→ Supplied information:
# # # # #
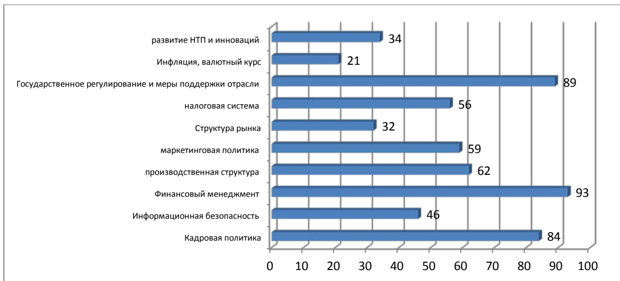
Рис.3. Ранжирование степени важности параметров, используемых в оценке эффективности управления МУП «ЖКХ», баллов
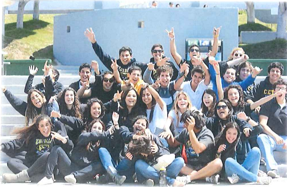
私のクラスメイト! 本当にワイワイして騒ぐことが大好きな人の集まりです◎◎
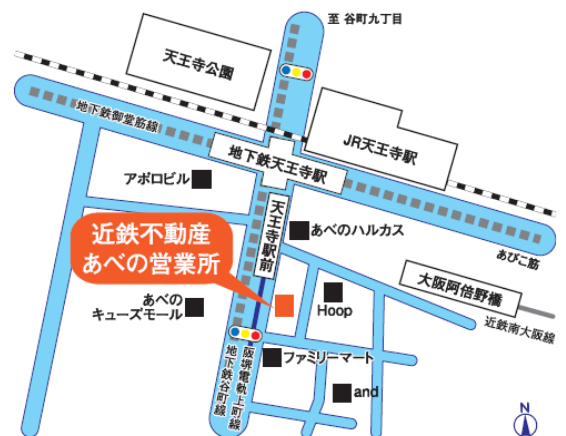
あべの営業所 位置図
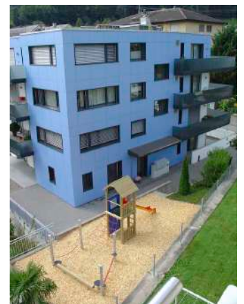
6. Juni 2003 um 18:48:19
# # # # #
→ Problem description: Exclude the pictures and print the rest of the data exactly.

→ Exercise response:
Рис.3. Ранжирование степени важности параметров, используемых в оценке эффективности управления МУП «ЖКХ», баллов
私のクラスメイト! 本当にワイワイして騒ぐことが大好きな人の集まりです◎◎
あべの営業所 位置図
6. Juni 2003 um 18:48:19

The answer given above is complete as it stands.